Canonical Estimates¶
In this tutorial we will discuss how estimates for various mean-field properties of a system can be evaluated in the canonical ensemble at finite temperatures. These estimates are useful for basis set extrapolation as well as comparison to the fully interacting results and are non-trivial to evaluate analytically. See [Malone15] for details.
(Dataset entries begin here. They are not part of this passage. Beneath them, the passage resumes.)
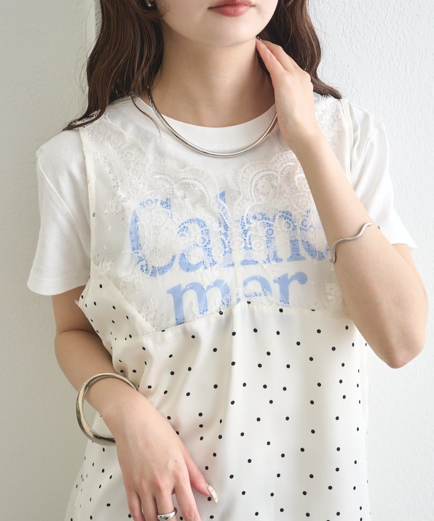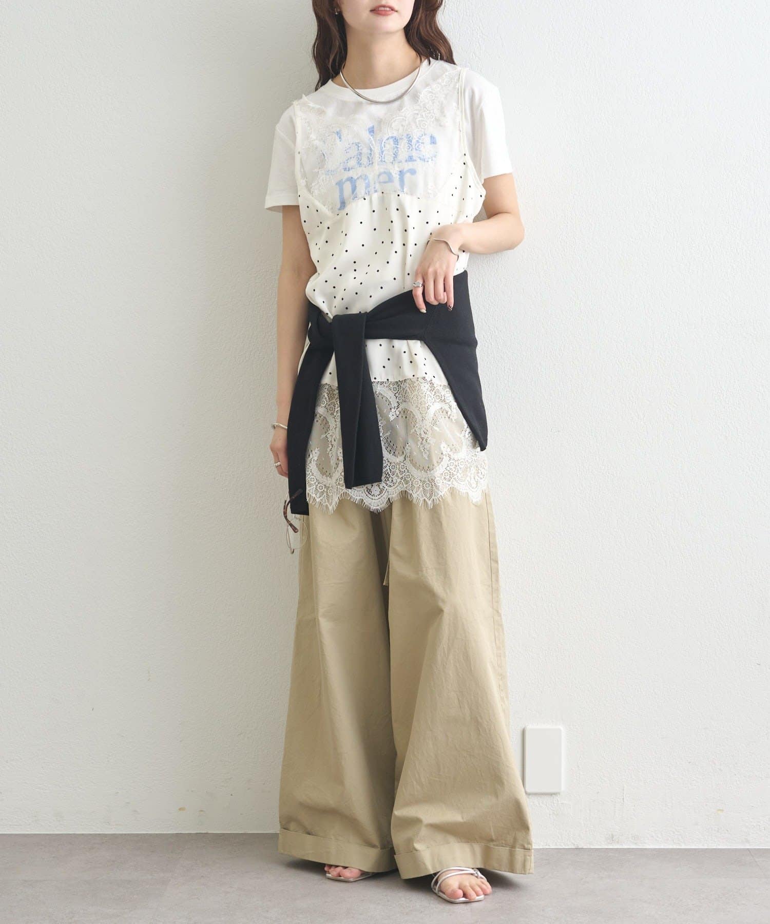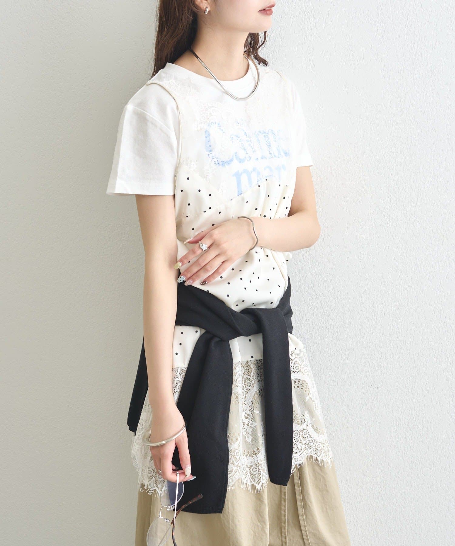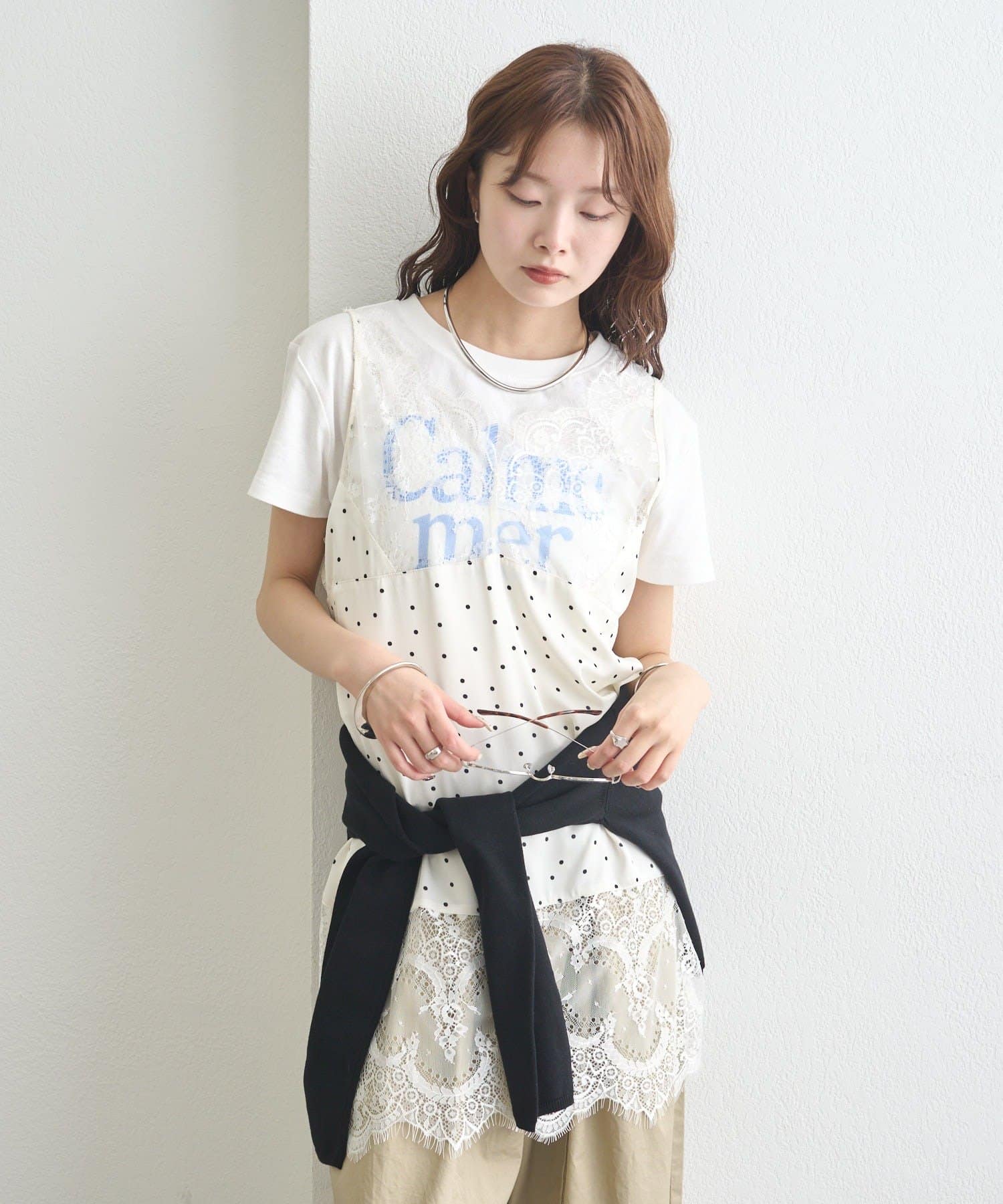 《新色ドット》【大人っぽいレイヤードスタイルに】レースサテンキャミソール
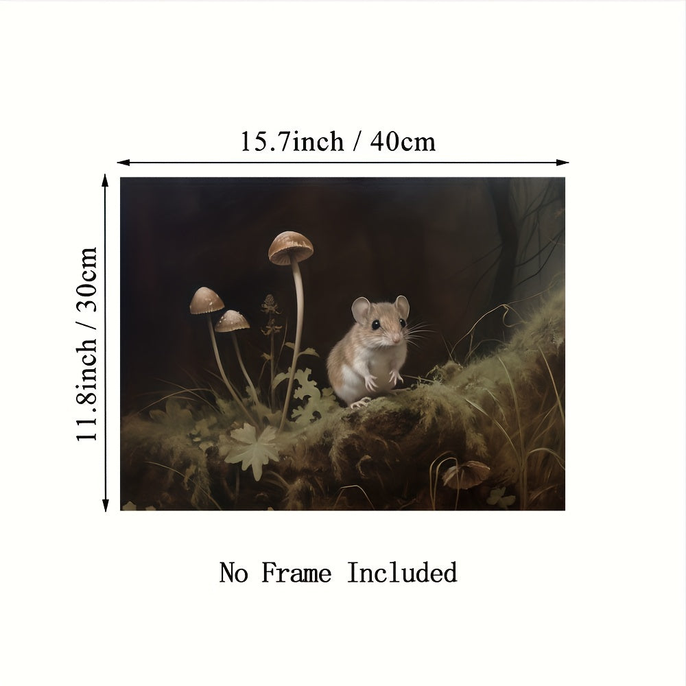 Canvas Wall Art Featuring Mouse and Mushrooms Forest Oil Painting Print 30x40 cm
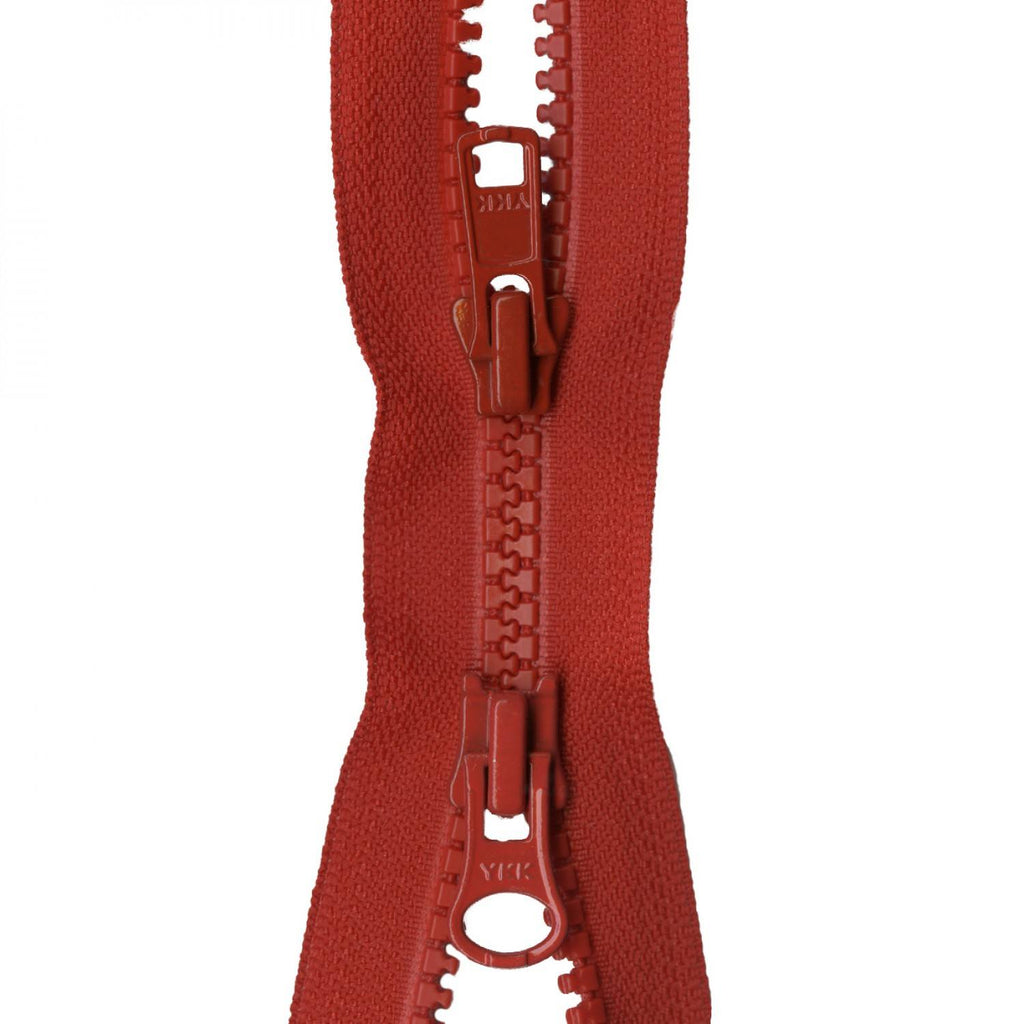 Lightweight, strong, and durable zipper is constructed of chunky Vislon resin-molded teeth that will not freeze or corrode. Great in outdoor wear and polar fleece! 100% Poly Tape. Plastic interlocking teeth (teeth size = 5mm). Separating. Two Slides.
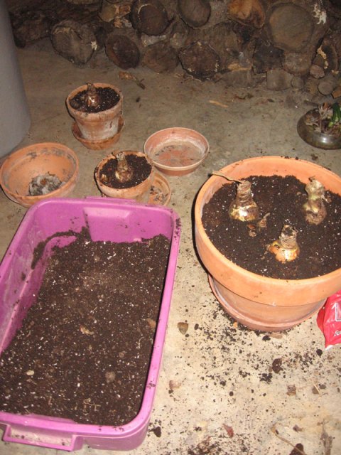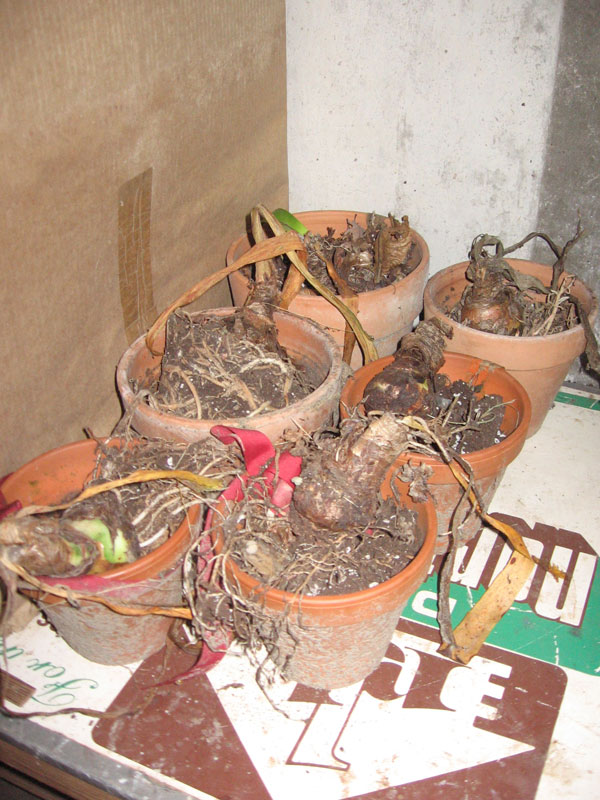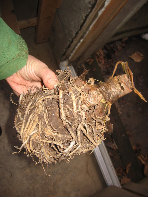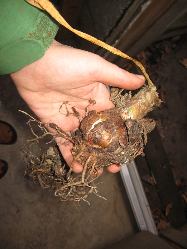 Every summer I take all my bulbs outside to a sunny spot, water and fertilize them, and then bring them inside before the first heavy frost. I keep them in my basement for the fall, allowing the leaves to die back and the bulb to dry out. Below is a dried out bulb and root ball that I have had for about 5 years. It is getting pretty big, and even has a baby bulb starting to grow off of the side.
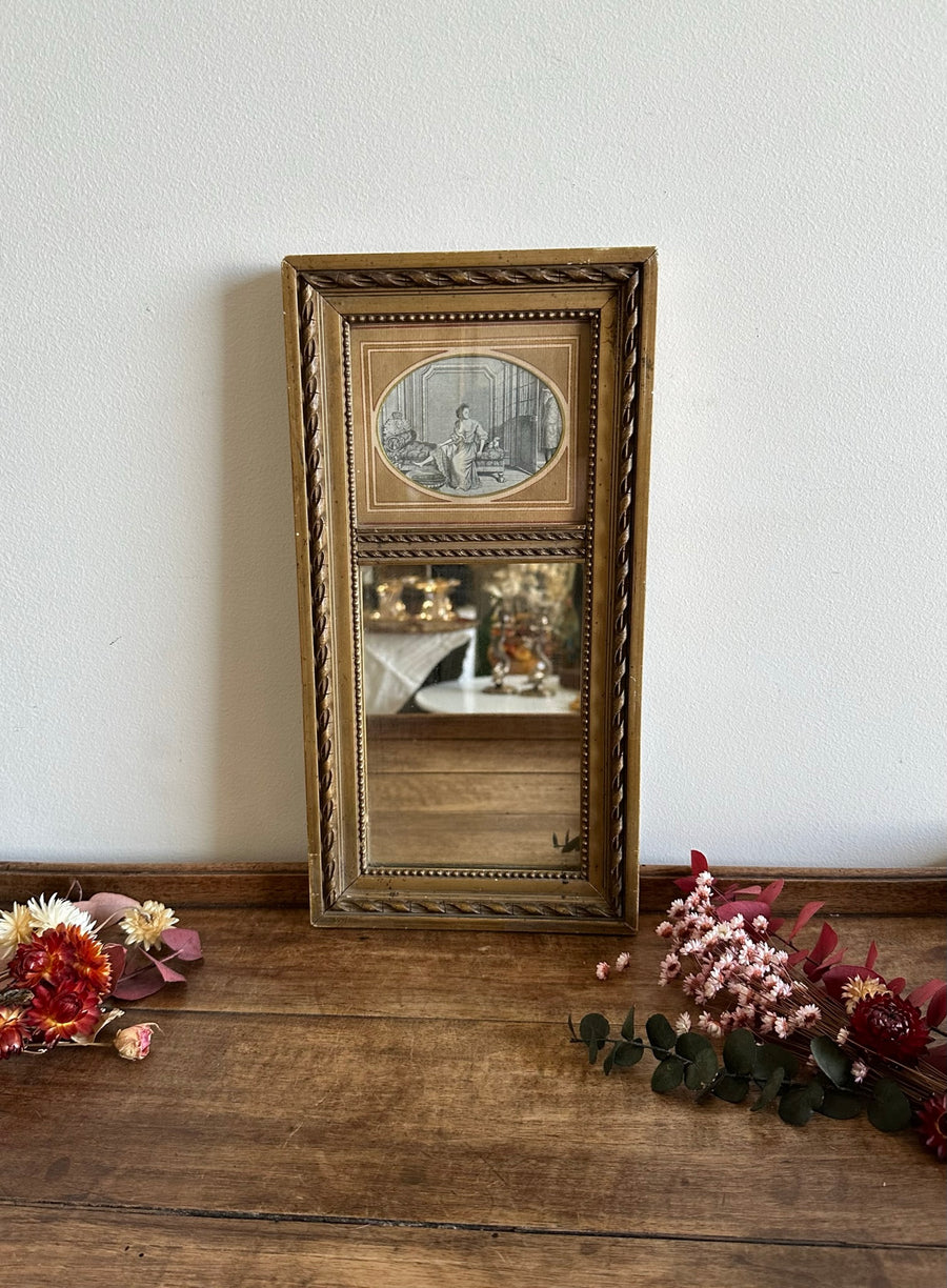 Joli petit miroir trumeau. Partie haute composé d'une petite scène d'époque intime. Cadre en bois et stuc doré. Estimation années 50

The input file is fairly simple:
sys = ueg {
nel = 7,
ms = 7,
dim = 3,
cutoff = 10,
rs = 1,
}
canonical_estimates {
sys = sys,
canonical_estimates = {
beta = 1,
nattempts = 10000,
ncycles = 1000,
fermi_temperature = true,
},
}
Here we attempt to generate N particle states making nattempts
attempts and then run
the simulation for ncycles*nattempts
iterations in total. The only other options
available are the inverse temperature desired, which can be scaled by the Fermi
temperature (where appropriate). Here we restrict ourself to the fully spin polarised UEG
in M=389 plane waves, which can be compared to the IP-DMQMC simulation in the DMQMC
tutorial.
Running the input file we find
$ hande.x canonical_estimates.lua > canonical_estimates.out
Inspecting the output
, we
see a number of columns for various estimates including the kinetic, potential, internal,
free energy and entropy - precise definitions of everything can be found in the output
file. The data can be analysed to find the mean and standard error using the
analyse_canonical.py
script in the tools/canonical_energy
subdirectory:
$ analyse_canonical.py canonical_estimates.out
which gives
Beta U_0 U_0_error T_0 T_0_error V_0 V_0_error N_ACC/N_ATT N_ACC/N_ATT_error F_0 F_0_error S_0 S_0_error T_HF T_HF_error U_HF U_HF_error V_HF V_HF_error
1.00000000e+00 3.34489604e+01 7.12207413e-03 3.42505858e+01 7.00598613e-03 -8.01625332e-01 1.43282029e-04 1.67618487e-01 1.16924926e-04 -1.83693842e+01 2.03921704e-03 1.79999929e+01 2.45760105e-03 3.37906337e+01 6.93061658e-03 3.29774580e+01 7.04945348e-03 -8.13175652e-01 1.46382195e-04
In particular, we can compare the values of \(U_0\) and \(U_{\mathrm{HF}}\) to the value of 32.91(4) Ha from the IP-DMQMC tutorial.